**Action item**
An exact, picture-free copy of the listing is required.

**Dataset section**
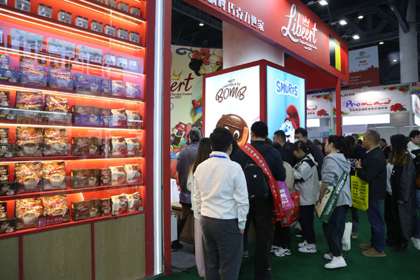 在10號館進口食品展區,比利時國家(商品)館邀請了一家比利時巧克力廠設立展位。“這里的人真的非常多。比利時是以巧克力、啤酒、鉆石和藍精靈聞名的國家,而我們是唯一能使用藍精靈IP的巧克力廠家,所以大家對我們的產品非常感興趣。”這家比利時巧克力廠的負責人莉莉·利比特表示。
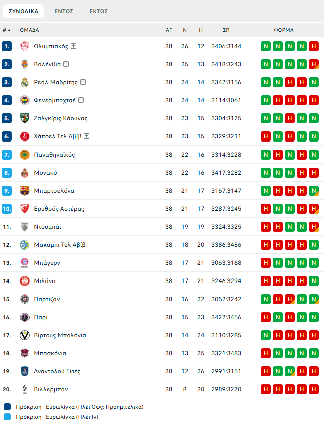 Η τελική βαθμολογία μετά από 38 αγωνιστικές
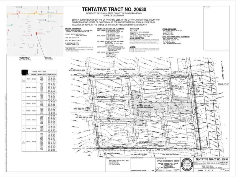 Tentative tract map vacant land subdivision planned with reports included. Ideal for a contractor to build out 6 infill homes – with homes already developed on all sides. Soaring vistas and central location right on Park Blvd. Park Blvd is the main thoroughfare to the Joshua Tree National Park. Joshua Tree has become a internationally known zip code with more million dollar homes being sold than ever before. Designer new constrictions a modern revival remodels can be seen throughout the area. The area is established for solid investment. JT has become a trendy enclave for Hollywood celebrities, artist’s, musicians and more. The Joshua Tree National Monument sees about 3 million tourists annually. Not far from the 29 Palms Marine Base, Copper Mtn College, and the Hi-Desert Medical Center. New businesses, new hotels, new bars, new grocery stores have sprung up in the area. Save time an money with a turn key subdivision in a prime location. The 45 minutes to Palm Springs. 2 hours and 15 minutes to Los Angeles. APN: 0603-032-06-0000 For all questions on building and uses contact the county planners. Address is legally assigned. Don’t Wait – Call Now!

**The completed task**
 在10號館進口食品展區,比利時國家(商品)館邀請了一家比利時巧克力廠設立展位。“這里的人真的非常多。比利時是以巧克力、啤酒、鉆石和藍精靈聞名的國家,而我們是唯一能使用藍精靈IP的巧克力廠家,所以大家對我們的產品非常感興趣。”這家比利時巧克力廠的負責人莉莉·利比特表示。
 Η τελική βαθμολογία μετά από 38 αγωνιστικές
 Tentative tract map vacant land subdivision planned with reports included. Ideal for a contractor to build out 6 infill homes – with homes already developed on all sides. Soaring vistas and central location right on Park Blvd. Park Blvd is the main thoroughfare to the Joshua Tree National Park. Joshua Tree has become a internationally known zip code with more million dollar homes being sold than ever before. Designer new constrictions a modern revival remodels can be seen throughout the area. The area is established for solid investment. JT has become a trendy enclave for Hollywood celebrities, artist’s, musicians and more. The Joshua Tree National Monument sees about 3 million tourists annually. Not far from the 29 Palms Marine Base, Copper Mtn College, and the Hi-Desert Medical Center. New businesses, new hotels, new bars, new grocery stores have sprung up in the area. Save time an money with a turn key subdivision in a prime location. The 45 minutes to Palm Springs. 2 hours and 15 minutes to Los Angeles. APN: 0603-032-06-0000 For all questions on building and uses contact the county planners. Address is legally assigned. Don’t Wait – Call Now!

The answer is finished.